Exercise → Look below for the line that contains "Vorher hat sich", and write out exactly that line and all remaining lines of the listing, omitting pictures.

Data provided →
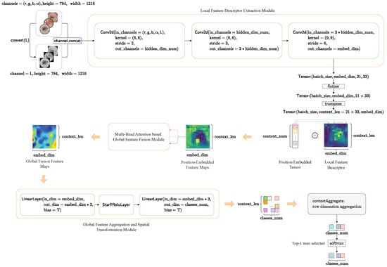 Then, we flatten and transpose the local feature matrix to obtain the feature context feature matrix. We use a learnable tensor to perform positional encoding on the context feature matrix. Next, we input the position-embedded context feature matrix into the global feature fusion module with a sequence of multi-layer multi- head attention feature fusion layer for. The output is a globally fused feature tensor.
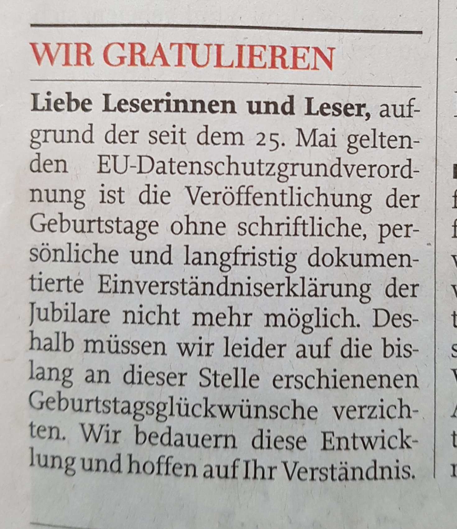 Vorher hat sich so manch einer nicht drum geschert (sprich das BDSG einfach missachtet) und wenn doch einer sich mit dem Datenschutzfähnchen in der Hand zu Wort gemeldet hat, wurde er als paranoider Wichtigtuer bis hin zum Paragraphenreiter und Verschwörungstheoretiker abgestempelt. (Habe oft im privat-gesellschaftlichen Umfeld (Gemeinde/Vereine/etc.) blöde Blicke kassiert, wenn ich anmerkte, dass man Namen oder Fotos nicht so einfach machen und veröffentlichen darf.)
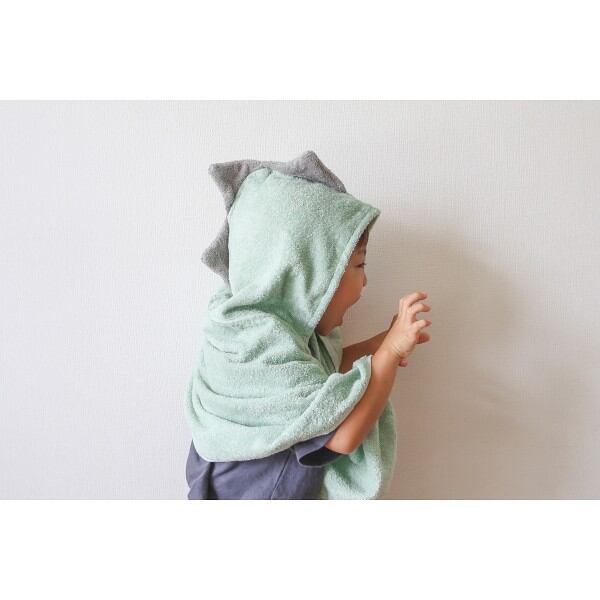 オーガニックコットン100%のかいじゅうのトサカ付きバスポンチョ。ちいさなお子様でも使いやすい短めサイズです。

Answer to the problem →
 Vorher hat sich so manch einer nicht drum geschert (sprich das BDSG einfach missachtet) und wenn doch einer sich mit dem Datenschutzfähnchen in der Hand zu Wort gemeldet hat, wurde er als paranoider Wichtigtuer bis hin zum Paragraphenreiter und Verschwörungstheoretiker abgestempelt. (Habe oft im privat-gesellschaftlichen Umfeld (Gemeinde/Vereine/etc.) blöde Blicke kassiert, wenn ich anmerkte, dass man Namen oder Fotos nicht so einfach machen und veröffentlichen darf.)
 オーガニックコットン100%のかいじゅうのトサカ付きバスポンチョ。ちいさなお子様でも使いやすい短めサイズです。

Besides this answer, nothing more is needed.